BEGIN LISTED RECORDS
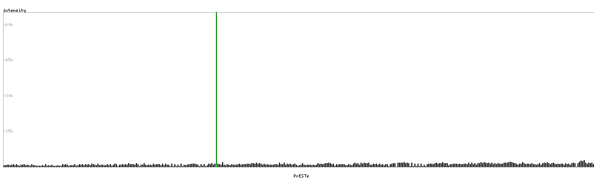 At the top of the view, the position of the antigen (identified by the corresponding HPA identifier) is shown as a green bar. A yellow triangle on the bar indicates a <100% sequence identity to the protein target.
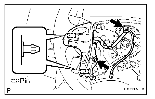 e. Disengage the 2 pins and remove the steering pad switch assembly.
END LISTED RECORDS
BEGIN LISTED RECORDS
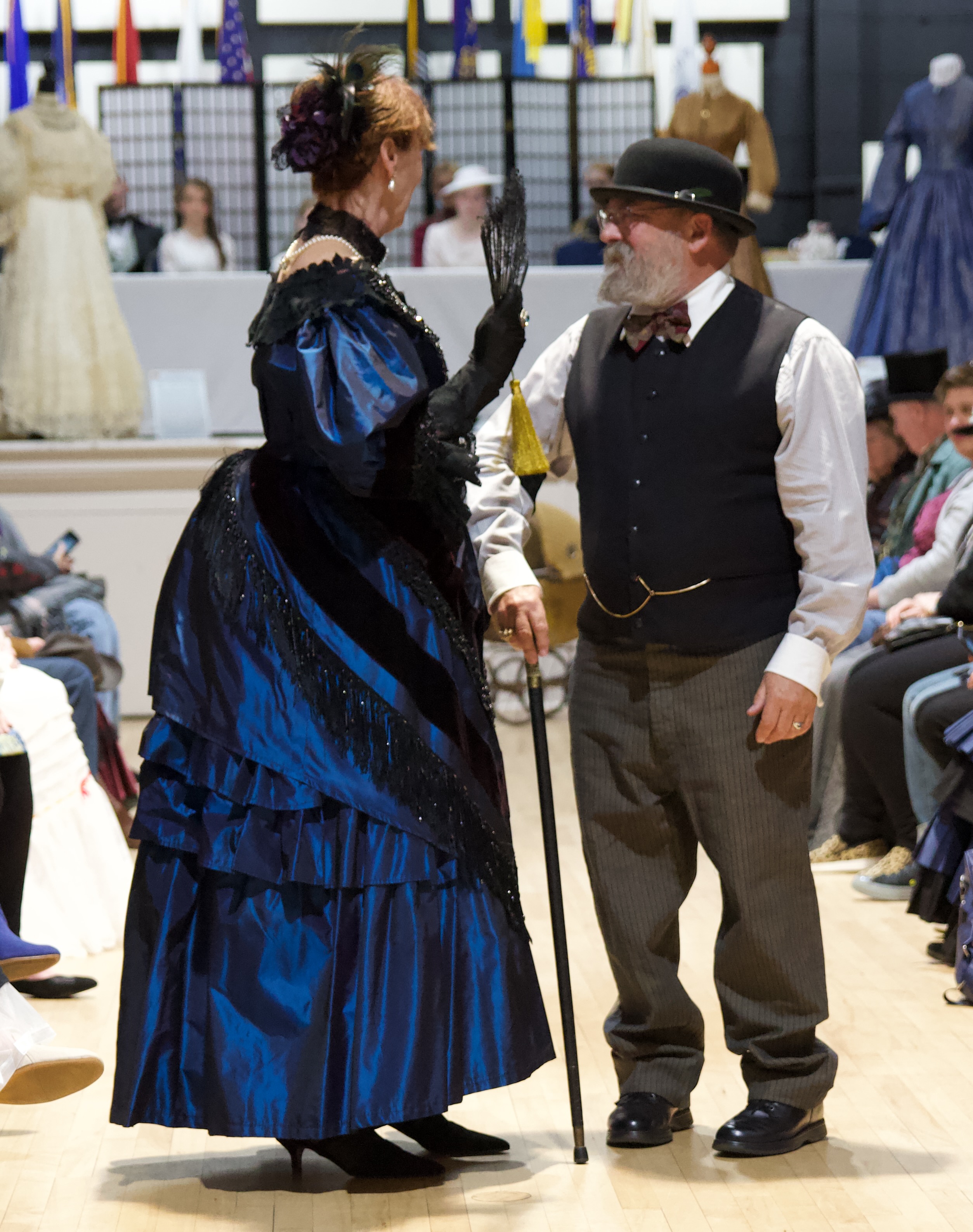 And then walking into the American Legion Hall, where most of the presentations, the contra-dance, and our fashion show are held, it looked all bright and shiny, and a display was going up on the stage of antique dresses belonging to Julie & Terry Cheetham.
END LISTED RECORDS
Give back the exact lines above, running from the one that has "At the top of" through the one that has "e. Disengage the", with nothing added and no pictures.

 At the top of the view, the position of the antigen (identified by the corresponding HPA identifier) is shown as a green bar. A yellow triangle on the bar indicates a <100% sequence identity to the protein target.
 e. Disengage the 2 pins and remove the steering pad switch assembly.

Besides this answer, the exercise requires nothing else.